====== LLM API Quick Reference ======
Comprehensive reference for every major LLM API provider. Copy-paste ready endpoints, pricing, and code snippets.
**Last updated:** March 2026
===== Provider Comparison Table =====
^ Provider ^ Model ^ Endpoint URL ^ Auth Method ^ Context ^ Input $/1M ^ Output $/1M ^
| **OpenAI** | GPT-4.1 | ''%%https://api.openai.com/v1/chat/completions%%'' | Bearer token | 1M | $2.00 | $8.00 |
| **OpenAI** | o3 | ''%%https://api.openai.com/v1/chat/completions%%'' | Bearer token | 200K | $2.00 | $8.00 |
| **OpenAI** | o4-mini | ''%%https://api.openai.com/v1/chat/completions%%'' | Bearer token | 200K | $1.10 | $4.40 |
| **OpenAI** | GPT-4o | ''%%https://api.openai.com/v1/chat/completions%%'' | Bearer token | 128K | $2.50 | $10.00 |
| **Anthropic** | Claude Opus 4.6 | ''%%https://api.anthropic.com/v1/messages%%'' | x-api-key header | 200K | $5.00 | $25.00 |
| **Anthropic** | Claude Sonnet 4.5 | ''%%https://api.anthropic.com/v1/messages%%'' | x-api-key header | 200K | $3.00 | $15.00 |
| **Anthropic** | Claude Haiku 3.5 | ''%%https://api.anthropic.com/v1/messages%%'' | x-api-key header | 200K | $0.80 | $4.00 |
| **Google** | Gemini 2.5 Pro | ''%%https://generativelanguage.googleapis.com/v1beta/models/gemini-2.5-pro:generateContent%%'' | API key or Bearer | 1M | $1.25 | $10.00 |
| **Google** | Gemini 2.5 Flash | ''%%https://generativelanguage.googleapis.com/v1beta/models/gemini-2.5-flash:generateContent%%'' | API key or Bearer | 1M | $0.15 | $0.60 |
| **Mistral** | Mistral Large | ''%%https://api.mistral.ai/v1/chat/completions%%'' | Bearer token | 128K | $2.00 | $6.00 |
| **Mistral** | Mistral Small | ''%%https://api.mistral.ai/v1/chat/completions%%'' | Bearer token | 128K | $0.40 | $2.00 |
| **DeepSeek** | DeepSeek-V3 | ''%%https://api.deepseek.com/v1/chat/completions%%'' | Bearer token | 164K | $0.14 | $0.28 |
| **DeepSeek** | DeepSeek-R1 | ''%%https://api.deepseek.com/v1/chat/completions%%'' | Bearer token | 164K | $0.55 | $2.19 |
| **Groq** | (Hosted models) | ''%%https://api.groq.com/openai/v1/chat/completions%%'' | Bearer token | Varies | ~$0.10 | ~$0.25 |
| **Together** | (Hosted models) | ''%%https://api.together.xyz/v1/chat/completions%%'' | Bearer token | Varies | ~$0.20 | ~$0.88 |
| **Fireworks** | (Hosted models) | ''%%https://api.fireworks.ai/inference/v1/chat/completions%%'' | Bearer token | Varies | ~$0.10 | ~$1.00 |
| **Ollama** | (Local models) | ''%%http://localhost:11434/api/chat%%'' | None (local) | Varies | Free | Free |
===== Code Snippets =====
==== OpenAI ====
import openai
client = openai.OpenAI(api_key="sk-...")
response = client.chat.completions.create(
model="gpt-4.1",
messages=[
{"role": "system", "content": "You are a helpful assistant."},
{"role": "user", "content": "Hello!"}
]
)
print(response.choices[0].message.content)

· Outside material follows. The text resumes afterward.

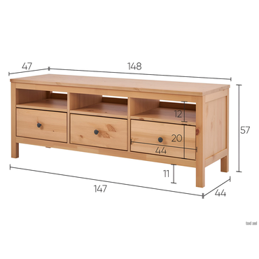 - ТВ-тумба Кымор — практичная модель из прочного массива дерева. Широкая столешница позволит разместить телевизор большой диагонали. В ящиках можно спрятать разные мелочи, зарядные устройства и аксессуары для техники. Благодаря высоким ножкам тумба не выглядит громоздко. Характеристики: Материал: массив сосны. Материал ручек: металл. Тип направляющих: роликовые без доводчиков. Максимальная нагрузка на ящик: 20 кг. Максимальная нагрузка на столешницу: 50 кг. Внутренний размер ящика (ШхГхВ): 39,6 х 38,2 х 17 см. Обратите внимание! Из-за особенностей материала во избежание повреждения мебели сборку необходимо осуществлять на ковре или другой мягкой поверхности.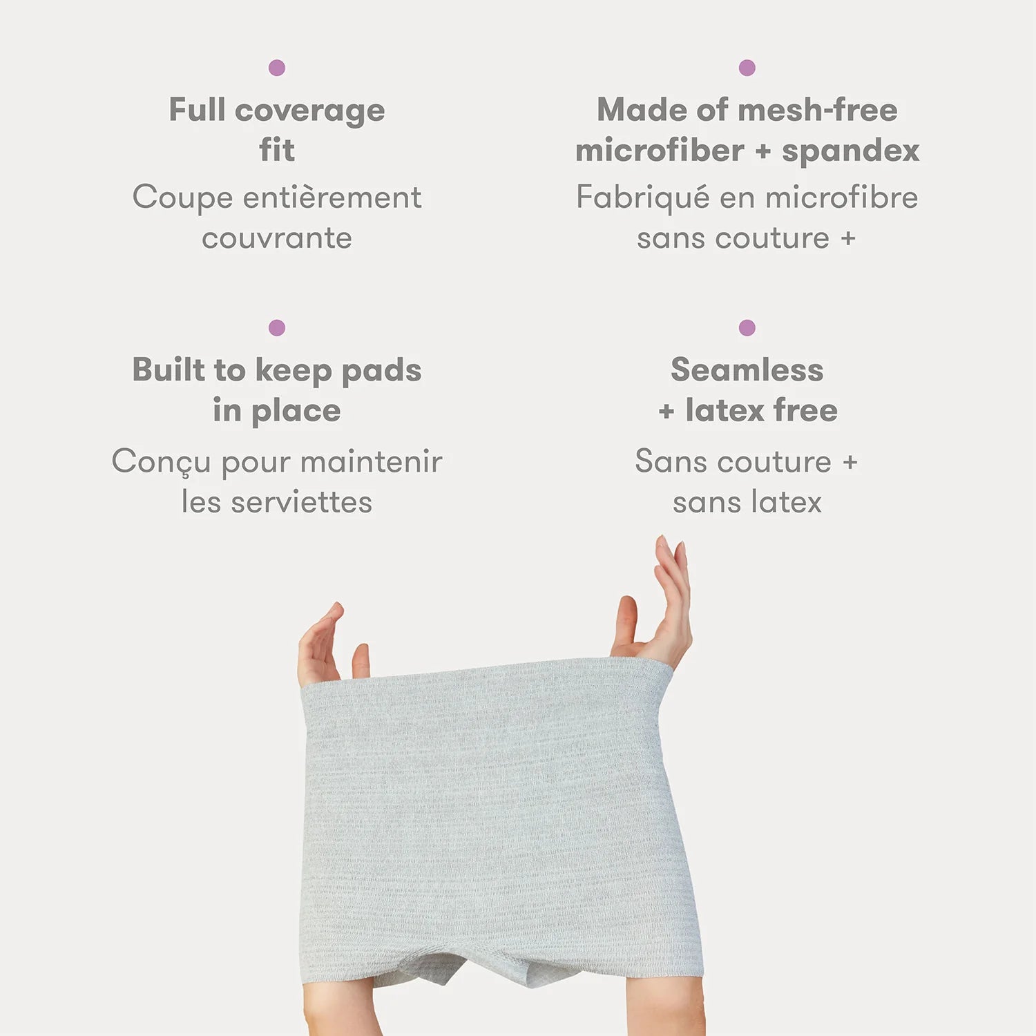 Mesh-free, mess-free recovery wear that stretches even more than you have. Soft, seamless and breathable to keep pads (and everything else) in place, without squeezing or pulling.

curl https://api.openai.com/v1/chat/completions \
-H "Authorization: Bearer $OPENAI_API_KEY" \
-H "Content-Type: application/json" \
-d '{"model":"gpt-4.1","messages":[{"role":"user","content":"Hello"}]}'
==== Anthropic ====
import anthropic
client = anthropic.Anthropic(api_key="sk-ant-...")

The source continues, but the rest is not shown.